2009年10月5日(本部長通信687)
人間関係(37)師範の指導(32)
今の師範を根底から支えてくれたのは、私の母親なのです。幼年の時のしつけは厳しいものがありました。小さい頃は、家の手伝いが当たり前で、洗濯、掃除、風呂焚き、買い物、さらには、小学校5年生から新聞配達なのです。すべて言いつけられたまま、絶対服従という家庭でした。でも母親の愛情は最高でした。

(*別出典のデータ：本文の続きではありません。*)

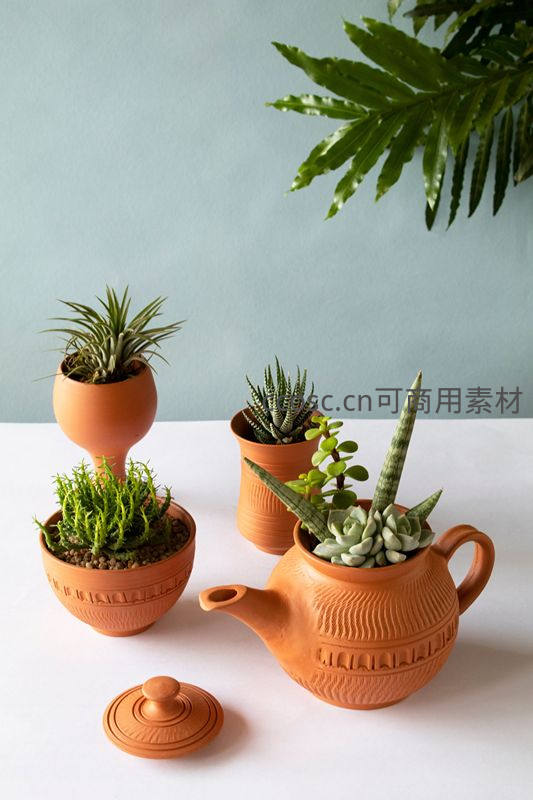 几株形态各异的多肉植物被巧妙种植在造型独特的陶土花盆中,包括茶壶和高脚杯形状,搭配清新墙面,营造温馨雅致的家居氛围。

今でも思い出すのですが、四歳の時、高圧線の鉄塔の頂上まで登って行ったことがあるのでした。家の敷地内に東北電力の鉄塔は、いつしか制覇してみたい幼い子供心の私の思いでした。高圧線が何であるか知ることもなく高い鉄塔の頂上も目指して、登りつめていきました。もう少しで、高圧線に触ろうとするとき、下から母親の唸り声が聞こえてきたのでした。「よしぼう、あぶない!」
眼下を見下ろせば、母親と近所のお母さんたちが見上げていました。私の目的は高圧線を触ることでしたので、驚きを隠せませんでした。その後母親が、登って来て、私の足をしっかりサポートしながら、降りて行きました。その後母親は、マッチ棒に火をつけて、高圧線がどんなに熱いものか私の腿に押し当てて泣きながら示すのでした。
母の眼には涙が溢れていて、私が鉄塔から降りてきて、生きていたことに対しての有難さと、息子を絶対高圧線に上らせないという決意で私を叱りつけていました。母親の命がけのあの行動がなければ師範は、当然今地上に生きていないという事になります。それだけに、母親の深い愛情に今更ながら感謝の念でいっぱいになるのです。